PD患者的路易小体中,α-syn被发现是硝基化存在的[40],硝基化的α-syn被建议作为临床诊断PD的生物标志物[41]。通常在生物样品中硝基化α-syn含量很低,它们的存在会促使α-syn聚集形成纤维丝,使用单克隆抗体显示PD患者的路易小体、路易神经节、胶质细胞包涵体和串珠样变神经轴突中都含有高水平聚集的硝基化α-syn。 3.2 硝基化修饰α-syn在PD中的效应 3.2.1 孔洞理论
许多与PD相关的蛋白聚合物(例如β肽、朊蛋白、 α-syn蛋白等),都能在特定环境下形成能改变细胞膜通透性的孔洞结构。这可能是α-syn蛋白产生毒性的机制之一。

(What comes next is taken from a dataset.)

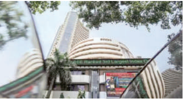
આજે ૨૦ ટકાનો ઘટાડો છે. કંપનીના શેરમાં ઘટાડો આરબીઆઈના એક્શન બાદ આવ્યો છે. મંગળવારે આરબીઆઈએ આઈઆઈએફઆઈના સ્કાન્સની ગોલ્ડ લોન આપવા પર રોક લગાવી દીધી છે. આરબીઆઈએ ગોલ્ડ લોન પોર્ટફોલિયોમાં

૧. (એજન્સી) મુંબઈ, તા.૬ । શેરબજારમાં આજે (૬ માર્ચ ૨૦૨૪) તેજી જોવા મળી છે. નિફ્ટીના ૫૦માંથી ૨૬ શેરોમાં તેજી છે. સેન્સેક્સ ૪૦૮ પોઈન્ટના ઉછળા સાથે ૭૪૦૮૫ના સ્તરે બંધ થયું. ત્યારે નિફ્ટી ૧૧૭ પોઈન્ટની તેજી સાથે ૨૨,૪૭૪ના સ્તરે બંધ થયું. આઈટી અને બેન્કિંગ શેયર્સમાં સૌથી વધુ તેજી છે. નિફ્ટી આઈટીમાં ૦.૮૨%, નિફ્ટી બેંકમાં ૦.૭૯% અને નિફ્ટી એક્સેમસીજમાં ૦.૩૪%ની તેજી જોવા મળી રહી છે. આઈઆઈએફઆઈના સ્કાન્સના શેરમાં

α-syn低聚物能够以β折叠结构轻柔地结合在囊泡的脂质分子层上,这一结合导致膜上形成直径大约为2.5 nm的孔洞,引起膜通透性的改变[42]。这些孔洞样的结构会使钙离子异常流动并导致PD的发生,细胞内钙离子含量的提高可能会特异性提高突触中一氧化氮的产量,而一氧化氮含量增加则会抑制线粒体呼吸从而导致各类自由基的产生。这一机制会促进硝基化α-syn的生成[43],而硝基化α-syn的形成又能够使膜孔洞结构更加稳定。 3.2.2 减缓α-syn降解
α-syn相关疾病(包括PD)是通过抗泛素抗体被认识的,此类抗体阐明了细胞内蛋白质降解和syn相关疾病之间的关系。硝基化的单体α-syn被20S蛋白酶降解的速度相对于未被修饰的α-syn下降,被钙调蛋白Ⅰ降解的速度也慢于未被修饰的[44]。 氧化及硝基化的α-syn通过自吞噬途径抑制了降解[45]。经过修饰的α-syn可以抵御降解,因此这些蛋白在细胞内半衰期和浓度会增加,这一现象可以促进α-syn的低聚化和毒性。细胞和整体动物实验发现,未能自嗜降解的细胞外α-syn将给细胞创造不利的微环境,并产生毒性作用[46]。 3.2.3 加速α-syn聚合
Stone等[47]发现NO合酶水平增高会导致硝基化α-syn增加及聚集。选择性硝基化修饰第39位酪氨酸的α-syn能够抑制自身与细胞膜的结合[37],造成这一现象的原因可能是带有负电子的硝基酪氨酸与带有负电子的细胞膜产生了静电斥力。继而,导致游离α-syn水平升高,增多的α-syn会聚集形成具有细胞毒性的原纤维。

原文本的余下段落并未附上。